Genentech, a member of the Roche Group, recently announced the
accelerated approval of TECENTRIQ® (atezolizumab) in combination
with ABRAXANE® for the treatment of adult patients with
unresectable locally advanced or metastatic triple-negative breast
cancer (TNBC) whose tumors express PD-L1 as determined by an
FDA-approved test. This indication is approved under accelerated
approval based on progression-free survival. Continued approval for
this indication may be contingent upon verification and description
of clinical benefit in a confirmatory trial(s). This combination is
the first cancer immunotherapy regimen approved for breast cancer
and is based on results from the Phase 3 IMpassion130 study, which
demonstrated that the combination of TECENTRIQ plus ABRAXANE
compared to ABRAXANE monotherapy, as an initial (first-line)

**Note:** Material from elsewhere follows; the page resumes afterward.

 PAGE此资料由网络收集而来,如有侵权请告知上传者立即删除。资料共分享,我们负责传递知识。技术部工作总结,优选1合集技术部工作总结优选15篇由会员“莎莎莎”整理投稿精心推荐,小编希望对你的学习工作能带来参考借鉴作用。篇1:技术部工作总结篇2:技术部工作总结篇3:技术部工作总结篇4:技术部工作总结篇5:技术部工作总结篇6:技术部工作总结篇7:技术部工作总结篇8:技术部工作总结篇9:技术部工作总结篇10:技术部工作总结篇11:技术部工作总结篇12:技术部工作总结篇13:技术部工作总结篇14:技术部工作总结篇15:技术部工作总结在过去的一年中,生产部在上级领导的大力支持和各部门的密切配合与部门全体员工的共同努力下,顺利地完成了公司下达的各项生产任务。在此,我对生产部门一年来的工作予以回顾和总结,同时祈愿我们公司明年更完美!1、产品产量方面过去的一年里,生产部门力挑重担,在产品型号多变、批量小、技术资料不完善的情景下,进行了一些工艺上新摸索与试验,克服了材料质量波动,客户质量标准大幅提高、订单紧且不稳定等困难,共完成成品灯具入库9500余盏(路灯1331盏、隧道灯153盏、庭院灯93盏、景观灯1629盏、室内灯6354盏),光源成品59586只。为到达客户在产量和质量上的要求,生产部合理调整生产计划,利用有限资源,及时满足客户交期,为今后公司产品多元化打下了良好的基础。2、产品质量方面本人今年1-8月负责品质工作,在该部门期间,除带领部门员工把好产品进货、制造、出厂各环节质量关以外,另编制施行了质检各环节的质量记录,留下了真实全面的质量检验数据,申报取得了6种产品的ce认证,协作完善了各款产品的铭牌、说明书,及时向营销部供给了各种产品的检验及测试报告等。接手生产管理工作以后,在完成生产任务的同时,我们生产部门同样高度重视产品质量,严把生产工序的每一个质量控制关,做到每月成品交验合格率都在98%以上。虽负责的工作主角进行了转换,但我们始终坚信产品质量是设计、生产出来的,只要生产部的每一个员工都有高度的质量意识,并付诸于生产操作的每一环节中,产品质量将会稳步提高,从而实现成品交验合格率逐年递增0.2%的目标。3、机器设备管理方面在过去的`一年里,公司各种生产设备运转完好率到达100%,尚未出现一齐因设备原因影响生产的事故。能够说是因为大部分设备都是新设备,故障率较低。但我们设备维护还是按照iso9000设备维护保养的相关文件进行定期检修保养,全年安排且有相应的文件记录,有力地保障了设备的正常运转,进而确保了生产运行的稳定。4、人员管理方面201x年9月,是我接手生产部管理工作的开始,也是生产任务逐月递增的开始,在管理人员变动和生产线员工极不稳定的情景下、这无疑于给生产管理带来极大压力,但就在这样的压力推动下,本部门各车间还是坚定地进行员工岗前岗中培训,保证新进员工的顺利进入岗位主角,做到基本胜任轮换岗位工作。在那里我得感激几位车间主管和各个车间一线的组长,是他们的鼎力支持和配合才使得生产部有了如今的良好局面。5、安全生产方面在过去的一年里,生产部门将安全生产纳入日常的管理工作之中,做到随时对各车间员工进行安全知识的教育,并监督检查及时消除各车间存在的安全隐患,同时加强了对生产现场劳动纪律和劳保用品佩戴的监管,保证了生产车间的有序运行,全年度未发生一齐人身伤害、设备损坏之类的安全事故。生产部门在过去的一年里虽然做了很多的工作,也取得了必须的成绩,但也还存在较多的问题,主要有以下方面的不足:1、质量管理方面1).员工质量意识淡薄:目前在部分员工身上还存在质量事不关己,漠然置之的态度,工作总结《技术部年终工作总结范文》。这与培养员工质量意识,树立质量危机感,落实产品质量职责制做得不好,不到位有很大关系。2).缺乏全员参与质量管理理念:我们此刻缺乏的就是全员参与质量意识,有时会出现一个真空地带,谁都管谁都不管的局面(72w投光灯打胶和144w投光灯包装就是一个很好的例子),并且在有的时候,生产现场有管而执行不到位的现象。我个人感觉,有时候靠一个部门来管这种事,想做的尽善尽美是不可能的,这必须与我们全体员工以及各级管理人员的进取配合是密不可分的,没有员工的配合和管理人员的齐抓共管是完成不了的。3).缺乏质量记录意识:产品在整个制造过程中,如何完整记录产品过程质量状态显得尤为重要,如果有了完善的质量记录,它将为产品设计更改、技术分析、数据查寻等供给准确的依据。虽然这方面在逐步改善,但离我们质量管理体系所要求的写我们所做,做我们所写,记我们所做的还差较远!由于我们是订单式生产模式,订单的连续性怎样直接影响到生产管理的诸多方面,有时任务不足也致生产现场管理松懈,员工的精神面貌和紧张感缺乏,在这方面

treatment, significantly reduced the risk of disease worsening or
death (progression-free survival) in patients with metastatic or
unresectable locally advanced triple negative breast cancer (TNBC)
in the PD-L1 positive populations who had not received chemotherapy
for metastatic disease.
“This is the second approval from the U.S. Food and Drug
Administration of a PD-1/PD-L1 antibody in combination with
ABRAXANE,” said Alise Reicin, M.D., President, Global Clinical
Development for Celgene. “ABRAXANE continues to be studied with
immunotherapy agents as a combination partner across a range of
solid tumors.”
In addition, the Celgene-sponsored, pivotal, Phase 3 apact®
study evaluating the investigational use of ABRAXANE in combination
with gemcitabine following surgical resection (adjuvant treatment)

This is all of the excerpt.